[DATA FOR REVIEW — start]

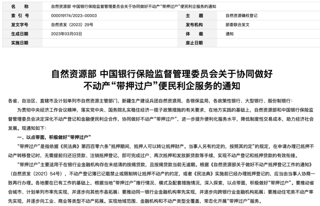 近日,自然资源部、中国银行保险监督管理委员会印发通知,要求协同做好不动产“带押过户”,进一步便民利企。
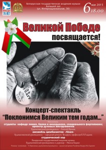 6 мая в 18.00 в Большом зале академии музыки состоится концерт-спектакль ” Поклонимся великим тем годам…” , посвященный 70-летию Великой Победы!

[DATA FOR REVIEW — finish]
[DATA FOR REVIEW — start]

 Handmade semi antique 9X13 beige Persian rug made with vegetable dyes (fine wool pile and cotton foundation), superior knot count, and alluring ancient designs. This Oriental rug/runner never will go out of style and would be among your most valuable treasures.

[DATA FOR REVIEW — finish]

Precisely those lines above that run from the line with "近日,自然资源部、中国银行保" up to and including the line with "6 мая в 18.00" are to be set down, with the pictures omitted.

TASK OUTPUT:
 近日,自然资源部、中国银行保险监督管理委员会印发通知,要求协同做好不动产“带押过户”,进一步便民利企。
 6 мая в 18.00 в Большом зале академии музыки состоится концерт-спектакль ” Поклонимся великим тем годам…” , посвященный 70-летию Великой Победы!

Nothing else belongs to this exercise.